» Exercise goal:
In the listing that follows, the range to quote begins at the line that has "EFAMA released today" and ends after the line that has "Title (ebay affiliate"; quote it verbatim and add nothing.
Data provided: Begin
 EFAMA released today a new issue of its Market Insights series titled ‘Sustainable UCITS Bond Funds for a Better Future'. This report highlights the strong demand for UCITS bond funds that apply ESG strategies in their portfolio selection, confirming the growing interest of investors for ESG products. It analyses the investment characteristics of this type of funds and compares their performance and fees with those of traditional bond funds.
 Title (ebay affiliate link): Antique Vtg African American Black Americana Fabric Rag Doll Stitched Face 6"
Data provided: End
Data provided: Begin
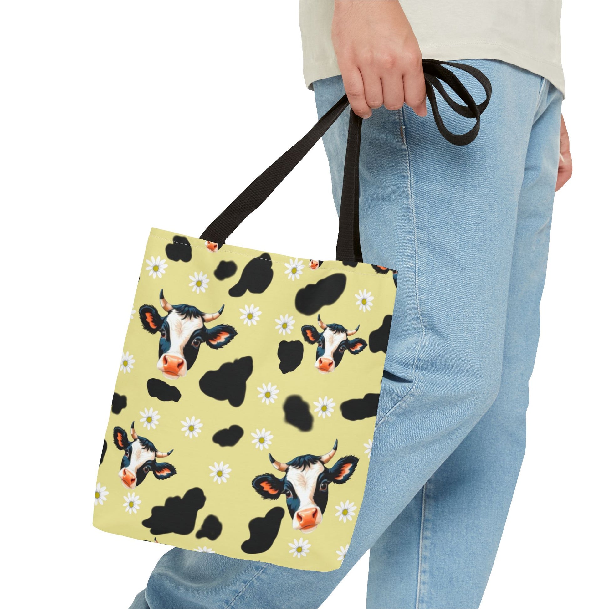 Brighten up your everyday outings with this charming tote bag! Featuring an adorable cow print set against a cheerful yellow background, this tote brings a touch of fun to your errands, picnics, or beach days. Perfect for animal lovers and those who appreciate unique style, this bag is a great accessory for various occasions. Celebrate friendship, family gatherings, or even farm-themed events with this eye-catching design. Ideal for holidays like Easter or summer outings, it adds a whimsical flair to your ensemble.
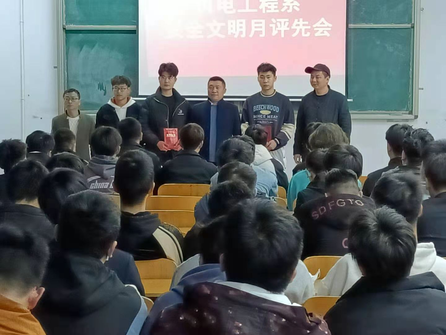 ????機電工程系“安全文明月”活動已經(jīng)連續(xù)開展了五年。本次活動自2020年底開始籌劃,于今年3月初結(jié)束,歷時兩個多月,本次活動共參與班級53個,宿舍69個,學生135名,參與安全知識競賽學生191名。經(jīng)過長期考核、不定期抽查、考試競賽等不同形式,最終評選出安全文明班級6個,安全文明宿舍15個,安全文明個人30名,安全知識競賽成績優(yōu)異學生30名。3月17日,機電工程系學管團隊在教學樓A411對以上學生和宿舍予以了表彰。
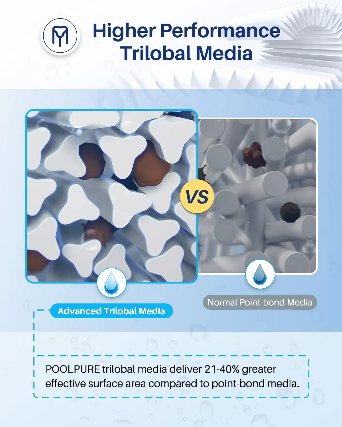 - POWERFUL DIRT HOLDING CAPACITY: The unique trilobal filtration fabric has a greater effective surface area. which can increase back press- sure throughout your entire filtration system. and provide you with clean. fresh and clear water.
Data provided: End
» Solution to this task:
 EFAMA released today a new issue of its Market Insights series titled ‘Sustainable UCITS Bond Funds for a Better Future'. This report highlights the strong demand for UCITS bond funds that apply ESG strategies in their portfolio selection, confirming the growing interest of investors for ESG products. It analyses the investment characteristics of this type of funds and compares their performance and fees with those of traditional bond funds.
 Title (ebay affiliate link): Antique Vtg African American Black Americana Fabric Rag Doll Stitched Face 6"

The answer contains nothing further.